Labour leaders now want to clamp down on foreign students who are enrolled in hospitality courses at the local colleges, as if they are the ones to blame for the rising unemployment. This discriminatory attitude has reached illogical levels as the survival of the colleges relies on their students finding work in the local market in order to gain experience and attract fresh waves of students to come to Cyprus for their studies.
Hiring East Europeans in the construction sector is nothing new.
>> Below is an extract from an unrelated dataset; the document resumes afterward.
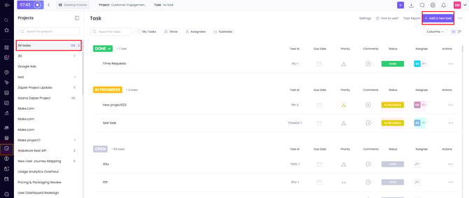 - Select the project you want to add a task to and click Add a new task in the top-right corner.

Local workers are not as many as we thought because most of the developers have been hiring from abroad for work that Cypriots no longer want to do. Further down the chain, the work that eastern European workers frown upon is carried out by cheap Asian, Middle Eastern or African labour.
There is nothing shameful in doing any decent work as long as it puts bread on the table and helps pay off mounting debts. Trade unions have not realised that their pay-hike insistence over the years has resulted in the ‘Cypriot worker’ becoming a rare species in the eyes of the employers and contractors, while the civil servants’ mighty Pasidy union has warned the government not even to consider any talk of a pay-freeze. It’s a shame that no administration in Cyprus has ever dared challenge the civil servants to a pay-cut for fear of losing public support.
It’s about time the privileged public sector workers got a taste of their own medicine with rewards linked to their poor service, while those deserving few civil servants who actually do some work reap the benefits of bonuses and promotion opportunities.